Aujourd’hui, on assiste à une sorte de mélange de ces deux schémas. Les cinéastes noirs reproduisent en fait à la fois le schéma de la blaxploitation, avec des hommes virils et noirs. Il y a très peu d’acteurs masculins clairs de peau. Inversement, les femmes ont à nouveau préférentiellement la peau claire, et comme dans les films d’Oscar Micheaux, les « bons » sont souvent plus clairs que les « méchants ».

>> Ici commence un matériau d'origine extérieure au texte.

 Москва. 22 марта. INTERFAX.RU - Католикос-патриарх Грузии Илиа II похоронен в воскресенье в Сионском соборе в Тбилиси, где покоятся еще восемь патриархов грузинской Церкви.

Les acteurs masculins afro-américains en vogue en ce moment sont relativement foncés de peau. C’est le cas de Denzel Washington, de Wesley Snipes, ou pour les plus jeunes de Omar Epps, Mekhi Phifer, ou Taye Diggs. Aucun grand acteur noir n’est métisse. En revanche pour les femmes, Halle Berry, Vanessa Williams, Lonette McKee sont métisses, elles ont la peau claire et les traits fins.
Cependant, lorsqu’il réalise New Jack City, Mario Van Peebles donne le rôle du policier à Ice T, qui est clair de peau, et le rôle du gangster à Wesley Snipes, qui est plus foncé. Il explique : « Je voulais les deux aspects de la jungle, la peau noire et la peau claire(2). »

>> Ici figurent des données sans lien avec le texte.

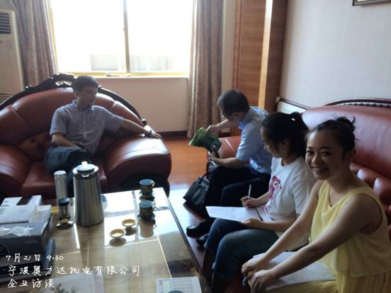 7月21日上午,电竞博彩-国内电竞博彩 暑期社会实践小分队——“自主创新 甬企可嘉”波大小超人分队来到了位于北仑大碶街道的宁波奥力达机电有限公司,并采访了这家企业的董事长李董。

On peut également citer la même opposition dans Jason’s Lyric où Jason, joué par Allen Payne, est un jeune homme sensible et sensé, sérieux, alors que son frère, joué par Bokeem Woodpine, est violent, irresponsable, et met la vie de Jason et de sa fiancée en danger.
On retrouve ce schéma dans de nombreux films. Cependant, en réalité et malgré ces quelques exemples, la codification par la couleur de la peau est largement relayée par l’appartenance culturelle et le système de valeur des personnages, plutôt middle class pour les gentils, plutôt « ghetto » pour les méchants, ces valeurs pouvant ou non correspondre pour les premiers à une peau claire et pour les seconds à une peau foncée. Dans Boyz’N The Hood, Cuba Gooding, Jr. (Trey) n’est pas particulièrement plus clair que Ice Cube (Doughboy) et Morris Chestnut (Ricky), par contre, il parle un anglais plus correcte et s’apprête à aller à l’université. Il veut épouser sa petite amie, qu’il a d’ailleurs le plus grand mal à convaincre de coucher avec lui. Il est poli, sérieux, travailleur et respectueux de ses aînés. Ces caractéristiques ne sont pas propres à la culture blanche, bien au contraire, mais elles correspondent à la société dominante et sont gage de réussite bourgeoise. Ice Cube et Morris Chestnut sont, bien plus que Cuba Gooding, Jr., des enfants du ghetto dont les habitudes culturelles, héritées de leur mère célibataire, sont désignées comme largement responsables de leur chute.
Il est donc finalement moins question de couleur de peau que d’intégration à la société dominante. La couleur de la peau n’est en quelque sorte qu’une métaphore, justifiée concrètement dans la mesure où, comme l’explique le documentaire de Kathe Sandler, plus la peau est claire plus l’intégration semble facilitée.
2. Réussir sans se renier
La répartition des rôles des bons et des méchants révèle le paradoxe d’un groupe ethnique tiraillé entre l’affirmation de la beauté de la race noire, « Black is Beautiful, » et la constatation de l’avantage d’être Blanc, « White is might… »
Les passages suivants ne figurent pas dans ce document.